We’re approaching the end of the tax year and we thought it would be useful to recap on the Swiss Pension System so you can determine whether you can save on Swiss taxes this year. If you want to save on your 2018 taxes, generous 2nd and 3rd Pillar tax benefits are only available on contributions received by 31 December.
1st Pillar Scheme
Everyone who lives and works in Switzerland makes compulsory social security contributions to AVH/AVS, the 1st Pillar scheme. This was designed to at least cover basic living expenses on retirement. In order to receive the full Swiss state pension, you need to contribute for 44 years. Dependent on this and on earnings, the maximum is CHF 28,200 per year. For example 20 years of contributions would equal 20/44 x CHF 28,200 = CHF 12,800 per year at age 64 for women and at age 65 for men. A pension may be paid after one year’s worth of contributions. In reality, many expats will not receive a full state pension simply because they have not worked for long enough in Switzerland.
The 2nd Pillar
This is the Company Occupational Pension scheme, which is compulsory. Contributions are dependent on age and salary and are split 50/50 between the employer and employee. The pension fund is divided between mandatory and non-mandatory portions and each is treated differently. There are opportunities to buy back years and the full amount is tax deductible for that year. If someone changes jobs the pension must move to an arrangement with the new employer or to a personal vested account.
If changing jobs or leaving Switzerland a Personal Vested Account can have advantages.
3rd Pillar account
It was intended that the combination of the 1st and 2nd Pillar would provide 60% of a retirees salary, however in many cases people fall far short. In order to close the gap, generous tax incentives are offered to invest in a personal 3rd Pillar account. The 3rd Pillar has two parts, 3a and 3b.

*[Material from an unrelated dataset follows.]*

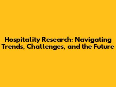 Hospitality Research: Trends, Challenges, And Future
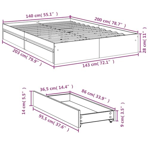 vidaXL Cama con cajones Madera de ingeniería Blanca 140x200 cm, armazón de Cama, Cama, Base de Cama, armazones de Cama, Cama Doble

If an employed person contributes up to CHF 6,768 per year in the 3a Pillar, the amount invested would provide a tax deduction, dependent on salary and canton, of around CHF 2,000. If self-declaring, this can be deducted immediately, or if tax is deducted at source, a form can be completed to reclaim from the canton. What is less well known is that the self-employed can contribute up to CHF 33,840 per year, dependent on income. Contributions can be made via a bank or an insurance company. With interest rates still very low an insurance company can provide attractive benefits such as:
- Participation in an index for growth, that may be guaranteed
- Guaranteed payout on maturity
- Guaranteed death benefit – valuable for a family
- Exempt from withholding tax or wealth tax during the term
- Disability cover and premium waiver
- May be pledged for property purchase and possibly a favourable mortgage rate
- Entitlements are protected by tied assets set aside by law
The 3b has no contribution limits, however tax relief is only available to residents of the Cantons of Geneva and Fribourg. This is a flexible savings with a tax deduction at the marginal rate of CHF 2,200 for a single person, CHF 3,300 if married, plus CHF 900 per child up to a maximum of 3 children (a maximum of CHF 6,000). The benefit is available to those filing a tax return, or married to a person filing a tax return.